Supreme Court sides with Black Lives Matter activist sued by a police officer
On Monday, November 2 — the day before Election Day 2020 — the U.S. Supreme Court sided with Black Lives Matter activist DeRay McKesson in his battle against a lawsuit from a police officer who was injured at a protest McKesson attended in 2016.
The ruling, according to CNBC, was a 7-1 decision, with far-right Justice Clarence Thomas being the only dissenter. Justice Amy Coney Barrett, the most recent addition to the High Court, recused herself from the case.
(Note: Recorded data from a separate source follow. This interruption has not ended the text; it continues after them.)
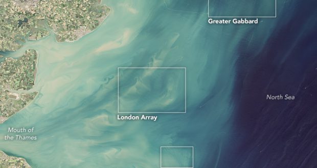Offshore wind turbines installed in the North Sea have been giving rise to sediment plumes, satellite images taken by NASA’s Operational Land Imager (OLI) show. For at least the past decade, satellites have spotted white dots cropping up in the North Sea. If viewed from Earth’s surface, you would see that these dots are actually wind … Continue reading Offshore Wind Turbines Make Sediment Plumes in North Sea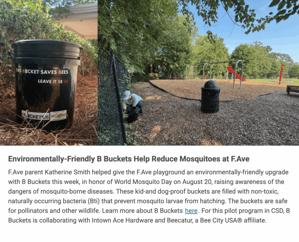“Environmentally-Friends B Buckets Help Reduce Mosquitoes at F.Ave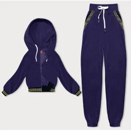 Teplákový žebrovaný komplet ve švestkové barvě s ozdobnými stahovacími lemy (AMG-345A)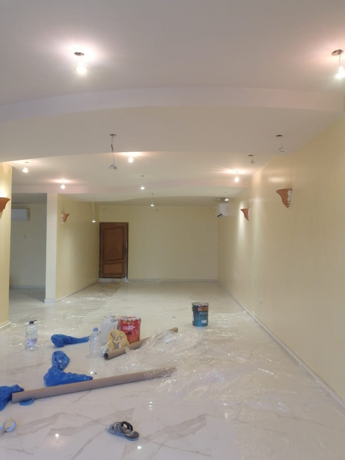 تنفيذ أسقف جبس مستوية ومعلقة مع مستويات متعددة وحواف Shadow Line، دهان نهائي احترافي وخطوط دقيقة، فتحات سبوتات وبروفايلات LED.

CNBC's Tucker Higgins reports, "The justices, in an unsigned order, wrote that a federal appeals court should have obtained guidance from a Louisiana state court before allowing the officer's lawsuit to move forward, and sent the case back to be reconsidered….. McKesson's case stemmed from a protest of the killing of Alton Sterling, a Black man, by police officers in Baton Rouge, Louisiana, in July of 2016. The protest took place on a highway in front of the police headquarters in the city."
An officer who was unnamed in the lawsuit against McKesson was hit by a piece of rock or concrete. McKesson was not accused of throwing it, but the lawsuit alleged that he was responsible simply because he organized the protest where the officer said he was injured.
"A federal district court rejected the officer's claim, but a panel of the 5th U.S. Circuit Court of Appeals reversed that decision and allowed it to proceed on the basis that 'a violent confrontation with a police officer was a foreseeable effect of negligently directing a protest' onto the road," Higgins notes. "The Supreme Court reversed the appeals court ruling but left open the possibility that the police officer could ultimately win the case."